Но Аттавио все равно делает по-своему, заставляя ту смириться с самоуправством. И его ловкие, несмотря на размеры ладоней, пальцы без проблем справляются с миниатюрными кнопочками.
Как же Мираэль раздосадована! Как она зла и недовольна!
Да что ж это такое происходит, а?!
Почему она позволяет… все это?!
Но больше всего раздражает то, что она чувствует разочарование от того, что Аттавио не продолжает начатое. Именно он, а не Мира, прекращает непотребства, а после еще и, как маленького ребенка, одевает.
Вот же стыд!
Неудивительно, что, накручивая себя больше и больше, Мираэль вылетает из кареты, стоит той остановится в квартале Санженпэри около парадного входа их столичного дома, некогда принадлежавшему самому принцу и проданному в часть карточного долга одному из королевских аристократов, а позже — и новоиспеченному графу Тордуар.
Пренебрегая приличиями (вот до чего ее довел бесстыдный муж!), она лишь машинально кивает выстроившейся в две шеренги прислуге и, проигнорировав даже приветственную речь дворецкого, бросается напрямую к дому.
Аттавио провожает супругу не совсем довольным, но при этом понимающим взглядом и сразу обращается к немного опешевшему персоналу, который, надо сказать, вышколен настолько, что никак это не показывет:
— Всем доброго вечера!
— Добрый вечер, мессир граф! — дружным хором отзываются слуги.
— Добро пожаловать домой, мессир граф, — низко кланяется дворецкий, степенно шагая навстречу своему хозяину.
— Здравствуйте, Даниэль. Дома все в порядке?

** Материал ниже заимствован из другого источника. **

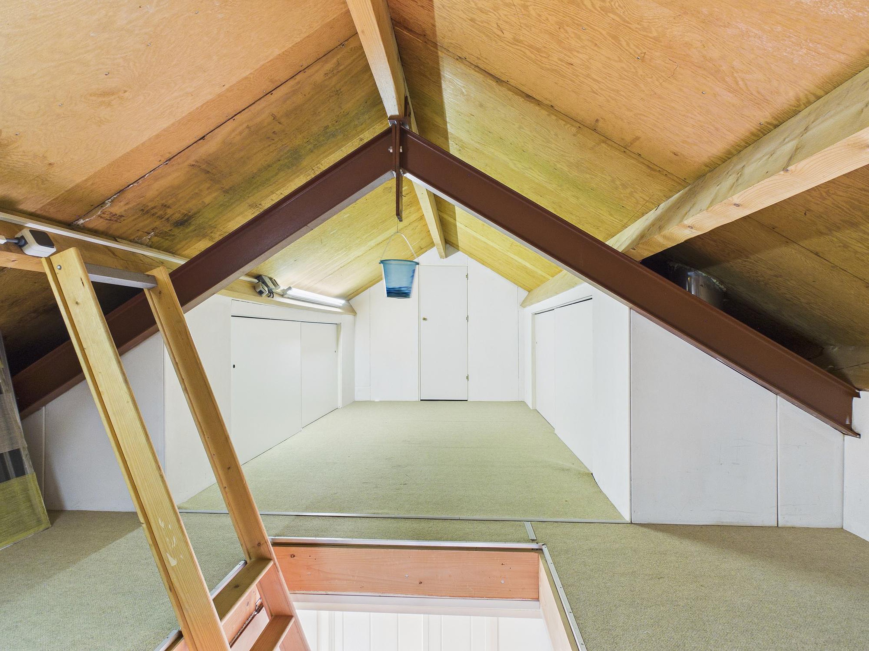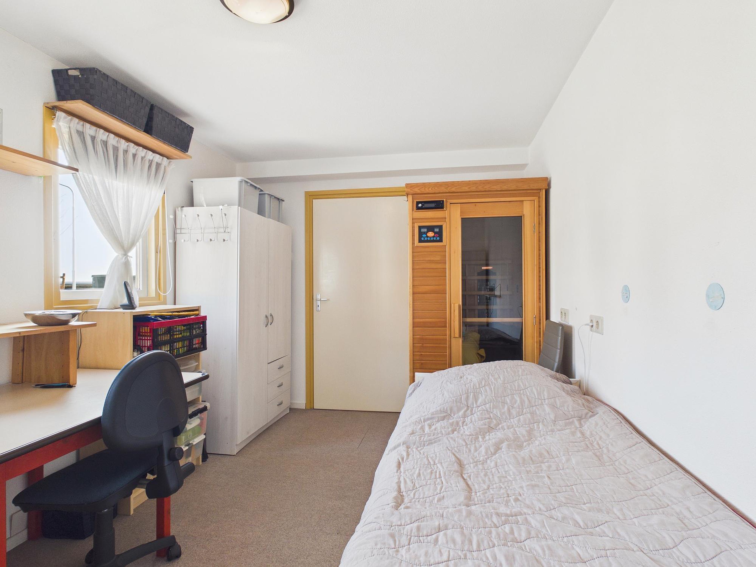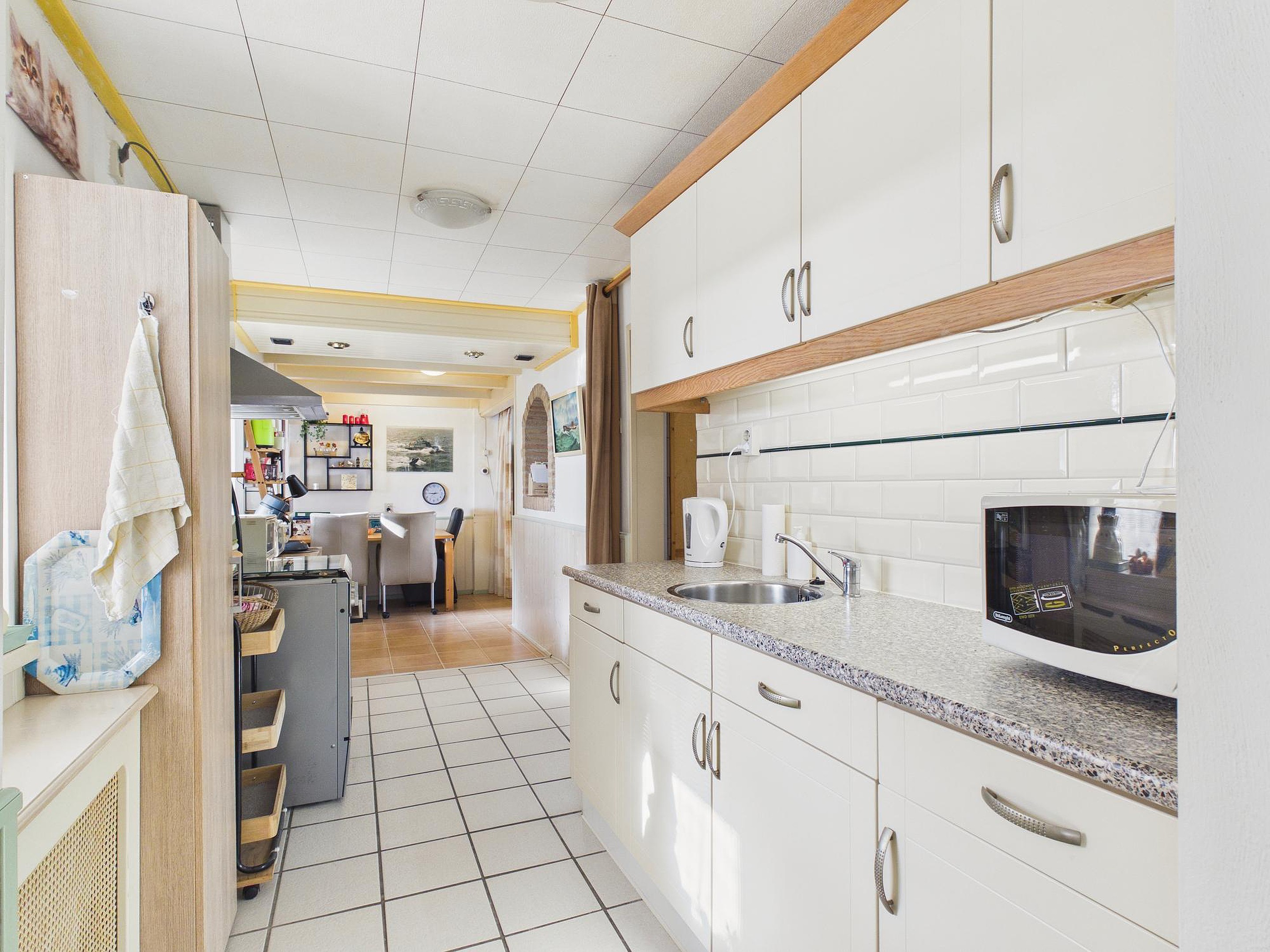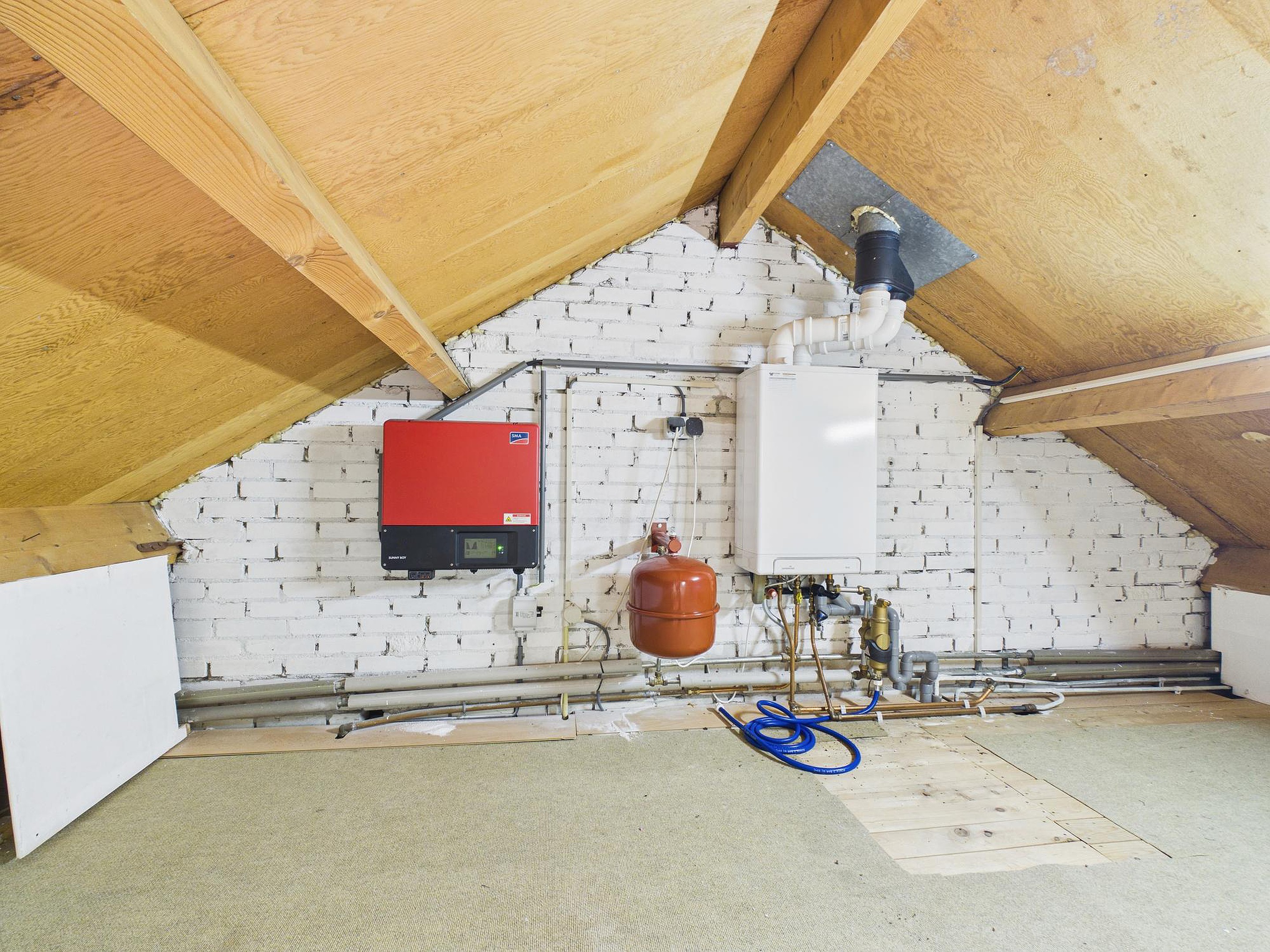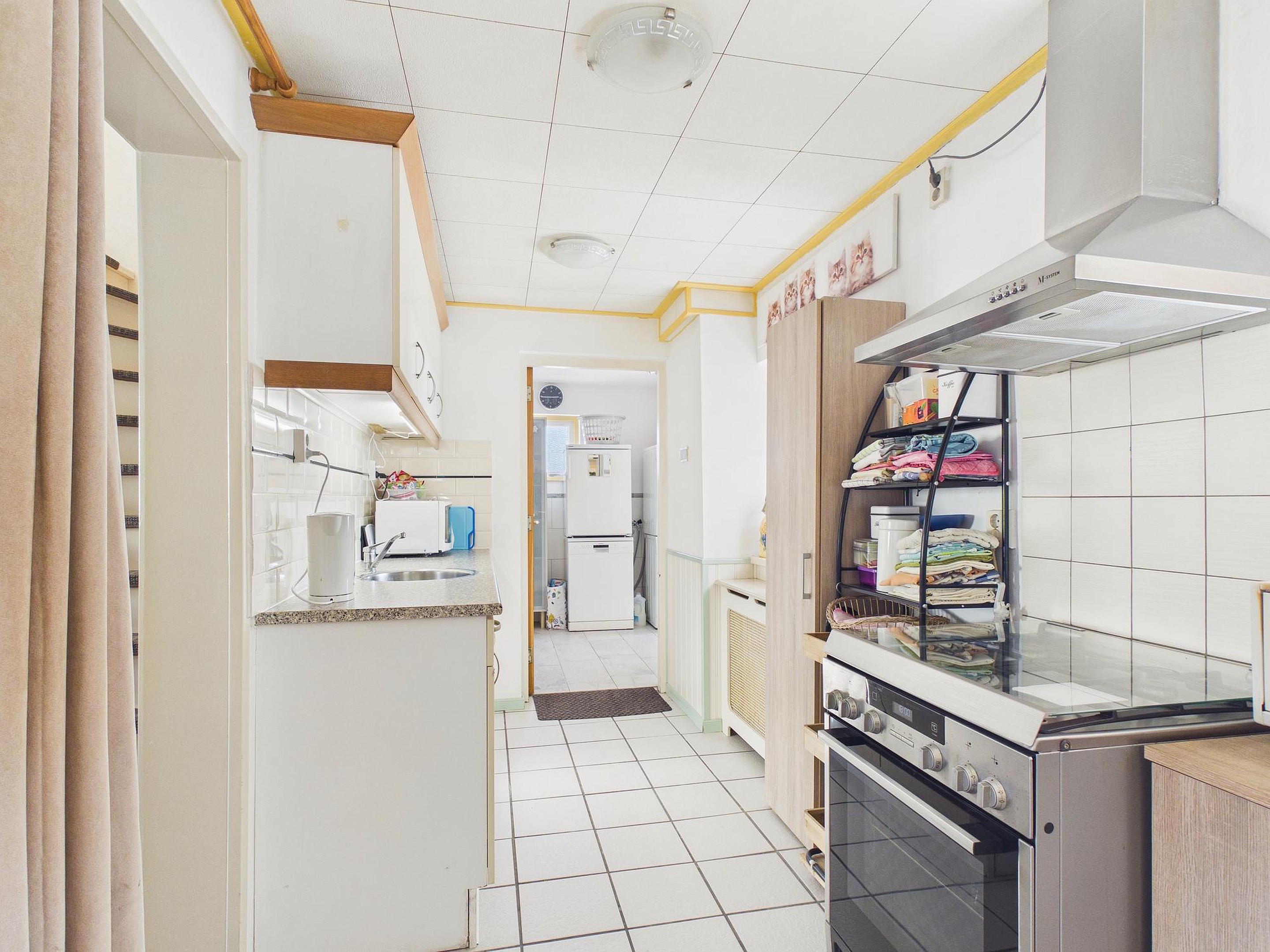 Verder beschikt de woning over een werkkamer/hal met trapopgang, een praktische bijkeuken met opstelplaats voor wasapparatuur en een via vlizotrap bereikbare bergzolder met de opstelplaats van de cv-ketel en de omvormer van de 14 zonnepanelen (Energielabel B).

— Конечно. Мы рады, что вы вернулись. И госпожа графиня тоже.
— Ее комната готова?
— Разумеется. Я получил письмо господина Монро и своевременно отдал все полагающиеся распоряжения.
— Хорошо. Спасибо.
— Рад стараться, мессир граф.
Вернуться домой приятно, хотя в молодости Аттавио не придавал этому особого значения, предпочитая проводить все время в конторе или на бирже. К тому же этот аристократический особняк всегда казался ему излишне большим и помпезным.
Зато отвечал вкусу и стилю столицы. И поддерживал статус графа.
Сейчас в этот дом вернулась его настоящая хозяйка. В течении последних пяти лет здесь время от времени жила то одна женщина, то другая, выполняющая незамысловатые обязанности, благо, на наличие любовниц прогнившее аристократическое общество всегда смотрело сквозь пальцы.
Но сейчас все было по-другому. Теперь, когда его жена снова здесь, он и не подумает приводить сюда никого другого. Слишком уж большие планы у него на собственную супругу.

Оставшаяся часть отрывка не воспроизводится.